Rezension

Kratzt an der Oberfläche

Mädchen, Frau etc.
von Bernardine Evaristo

Bewertet mit 3 Sternen

Das Booker Prize Gewinnerbuch 2019, das lässt aufmerken, uns zum Buch greifen und dann mal wieder feststellen, dass Geschmäcker verschieden sind.

Es ist ein Episodenroman, der sich viel vorgenommen hat. Man blickt in das Leben von zahlreichen schwarzen Frauen, deren Geschichten locker miteinander verknüpft sind und die einen repräsentativen Querschnitt durch die Bevölkerung bilden.

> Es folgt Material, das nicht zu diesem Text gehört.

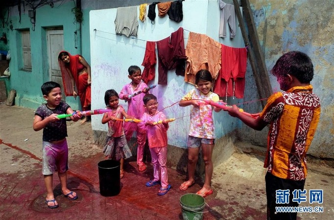 3月28日,儿童们在印度加尔各答庆祝洒红节。新华社发
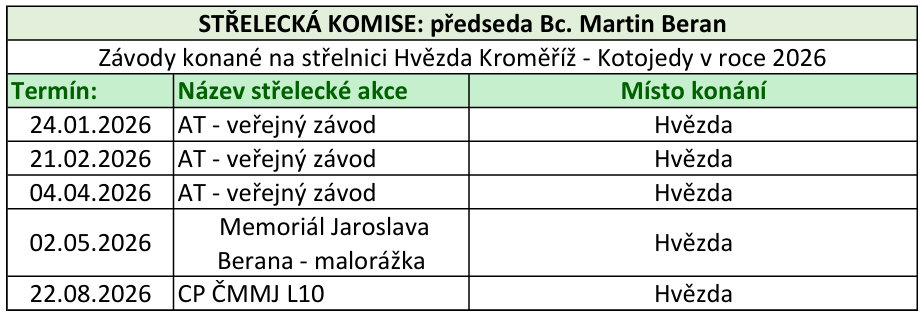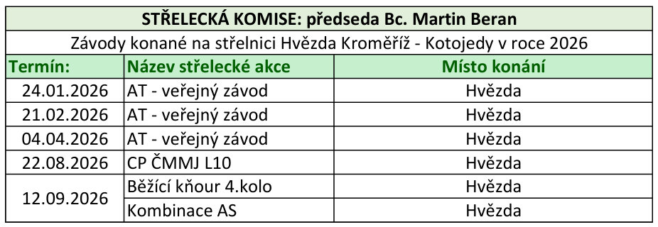 Kalendář střeleckých akcí pro rok 2026

An Dramatik wird dabei nicht gespart, es ist ein Buch mit vielen Extras. So reicht es zum Beispiel nicht, wenn Winsome ihren Mann verliert. Das Drama wird zur Tragödie, indem sie sich anschließend mit ihrem Schwiegersohn tröstet.

Wir erleben Rassismus in allen Spielarten, beschäftigen uns mit feministischen Problemen oder auch mit sexuellen Identitäten, ein bisschen von allem. Lauter wichtige Themen werden hier angekratzt, aber nicht verarbeitet. Das Buch ist planvoll komponiert, wirkt aber eher aufzählend als erzählend. Ein Lebenslauf nach dem anderen wird präsentiert, ein Problem nach dem anderen aufgezeigt, in die Tiefe geht es nicht. Es ist ein Potpourri angesagter Themen, ein bisschen was zum Probleme naschen, bei dem man trotz zahlreichem Personal niemandem nahekommt.  

Ein Plus ist der Erzählstil, originell, kunstvoll, frech, wenn auch oft mit recht prätentiösen Spitzen.

„Ich bin die Hohepriesterin des beruflichen Durchhaltens geworden, in der Kapelle der gesellschaftlichen Veränderung predige ich von der Kanzel der Politisch Unsichtbaren zur Gemeinde der An-den-Rand-Gedrängten und Längst-Bekehrten“

Der rote Faden des Ganzen soll eine Theaterpremiere sein, bei der sich dann letztendlich alle treffen, aber auch das ist eine schöne Idee, die nicht zündet.

Dieses Buch will viel, kratzt aber eigentlich nur an der Oberfläche des eigenen Anspruchs. Ich hätte deutlich mehr von einem preisgekrönten Buch erwartet.